First and foremost, what is a derivative?

Derivatives are financial instruments whose values depend on the value of other underlying financial instruments. The main types of derivatives are futures, forwards, options and swaps.
The main use of derivatives is to reduce risk for one party. The diverse range of potential underlying assets and pay-off alternatives leads to a wide range of derivatives contracts available to be traded in the market. Derivatives can be based on different types of assets such as commodities, equities (stocks), residential mortgages, commercial real estate loans, bonds, interest rates, exchange rates, or indices (such as a stock market index, consumer price index (CPI) — see inflation derivatives — or even an index of weather conditions, or other derivatives). Credit derivatives have become an increasingly large part of the derivative market.

So, derivatives come in many flavors.

The Populist’s View

When the sub-prime crisis came to light in August 2007, much of the “blame” for our financial system melt-down was placed on the proliferation and reckless use of Credit Derivatives:


source: Comptroller of the Currency

The rise in the use of credit derivatives paralleled the rise in securitization of mortgages [credit derivatives were used to “guarantee” the falsified values of toxic mortgaged-backed securities –MBS]. But over-all derivatives growth was spiraling upward – despite there being no identifiable end users, on record, for these products] LONG BEFORE the advent and proliferation of credit derivatives. This was a tip-off that malfeasance was ‘already in play’. As such, credit derivatives and toxic MBS can be seen as more of latter day symptoms than a cause of what has so severely and systemically affected our global financial system.

The Real Derivatives Culprit

The true origins of our financial systems’ malaise can be better traced back to the Federal Reserves’ commandeering of the ENTIRE INTEREST RATE CURVE:

source: Comptroller of the Currency

Historically, the Federal Reserve ONLY had complete control of the VERY short end of the interest rate curve – specifically the Fed Funds rate [the rate at which banks and investment dealers borrow and lend to each other on an overnight basis]. But with the advent and proliferation of interest rate derivatives – specifically Interest Rate Swaps, many of which have imbedded government bond trades – concentrated in the hands of Fed proxy institutions – the Fed gained effective control of the “long end” of the interest rate curve.
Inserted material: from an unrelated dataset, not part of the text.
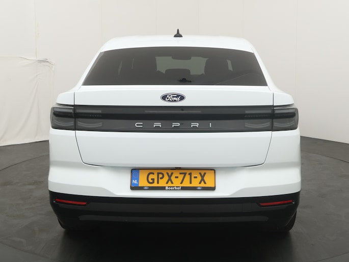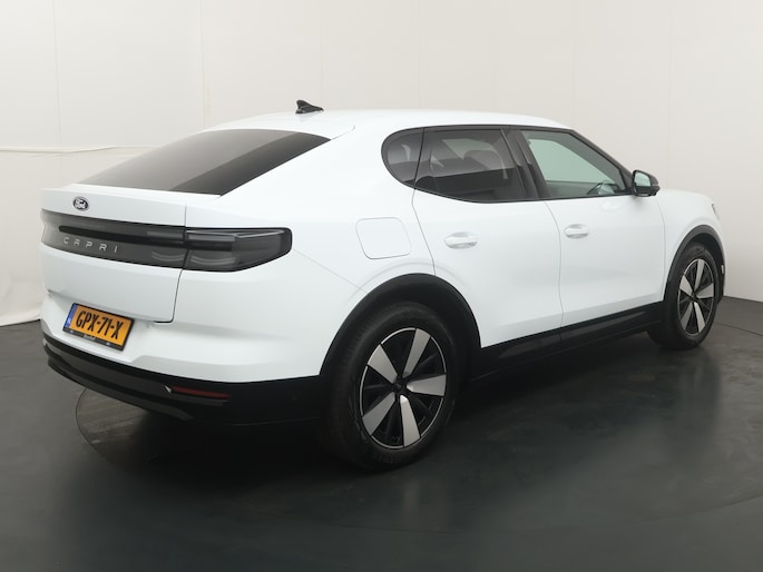 De naam Capri kunt u misschien wel kennen uit het verleden. Het was de sportieve 4 zits coupé die Ford in de jaren 70 en 80 verkocht. Nu is de naam terug voor Fords ruime elektrische crossover. De Capri past niet precies in een hokje. De zit is hoog, maar door het design is de auto wel sportief. Onder de fraaie aflopende daklijn vinden we een bagageruimte van bijna 600 liter! Meer dan de Ford Mondeo. Door de efficiënte aandrijflijn, grote accu en aerodynamische carrosserie is de actieradius volgens de WLTP testmethode maar liefst 627 km! Dat betekent dat deze auto, ook in de dagelijkse praktijk, heel bruikbaar is. Ook op vakantie naar Zuid-Frankrijk of op wintersport in Oostenrijk is geen enkel probleem.

Remember folks, the housing market and demand for housing is EXTREMELY sensitive to “LONG TERM INTEREST RATES” – not short term rates.


source: Comptroller of the Currency

Monetary elites at the Federal Reserve were well aware that irredeemable fiat money was SYSTEMICALLY FAILING as early as the mid 1990’s at the latest. At that time [being the devout Keynesians they are] the Fed and their partners at the U.S. Treasury – rather than admitting the serious failings of their Keynesian clap-trap - embarked on an undeclared war of economic market manipulation and malfeasance which fundamentally undermined the laws of usury. This dis-info war dictated that inflation rates and reporting would be falsified, employment data altered and hedonically adjusted, the gold price [the canary in the mine] artificially suppressed and currency values heavily manipulated / interfered with. This also sheds light on why the Glass–Steagall Act was repealed in 1999. Remember folks, the Glass-Steagall Act – at its roots – was designed to control / prevent speculation. As such, it stood as an obstacle.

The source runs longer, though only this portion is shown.